От Свободы каждый берет, что хочет.
Один — хлеб, другой — камень.
Один — классику, другой — свастику.
В свободной Америке убийство стало привычным делом, а свобода слова и неприкосновенность личности — национальным бедствием. Купить наган здесь так же просто, как купить банку кока-колы.
Что приятнее: сгнить на Соловках или быть пристреленным в одном из чикагских парков?
Я водил смоченной марличкой по губам Хромополка. Они то шевелились, то нет. То же самое — его глаза. Вроде бы подглядывали за мной и вроде бы — нет. Дергались веки, периодически открываясь.
Со мной работает очень либеральная молодая лесбиянка, она говорит, если б у вас разрешалось личное оружие — Сталин бы не состоялся. Наган — гарант свободы. Я говорю: может быть, ты и права, но свободный наган укладывает не менее щедро, чем сталинский. Смотрит на меня с ужасом — зачем тогда к нам пожаловал?
Губы Хромополка шевелились. Они впивали влагу из мокрой марли. Его глаза открывались все чаще, он глядел на меня, хотя, повторяю, может быть, и рефлексивно. Временами мне казалось, что его свободная от бинта щека изображает нечто похожее на жест улыбки.
Будет жить, будет жить, будет жить!
Этой процедурой я занимался до тех пор, пока медсестра не сказала «достаточно».

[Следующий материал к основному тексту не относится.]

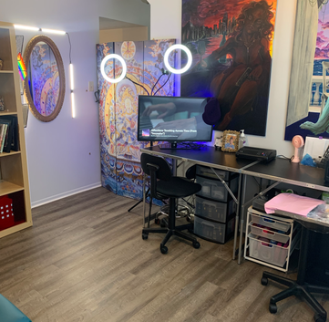 This studio has enough space for the artist and the client. I will allow a parent to be present if a client need company

Я поставил стакан на близстоящий столик и, взяв Хромополка за руку, слегка приподнял ее, потом накрыл ее другой своей ладонью и стал гладить. Губы его зашевелились, и вдруг — опять чудо! — преодолевая слабость, он выдавил из себя длинную фразу:
— Хороший вы народ, но шибко спешите.
Я ничего не ответил. Я не знал, что ответить. Я был счастлив, что он заговорил. Значит жив! Значит поживем еще, наговоримся. Я одобрительно кивал и улыбался. И чувствовал, как слезная пелена обволакивает мне глаза. Я смахнул ее усилием воли и прикусил губу. Спустя некоторое время веки его закрылись, я уложил его руку обратно на кровать и стал озираться на приборы, на диаграммы и схемы на экранах, стараясь угадать, какая из них контролирует работу сердца.
— Хороший вы народ, но шибко спешите, — отозвалось между делом в сознании, как эхо.
На одном из экранов попрыгивала густая сетка линий-столбиков различной длины, создавая в совокупности волнообразную кривую на концах — снизу и сверху. Это сердце. Так скачет сердце.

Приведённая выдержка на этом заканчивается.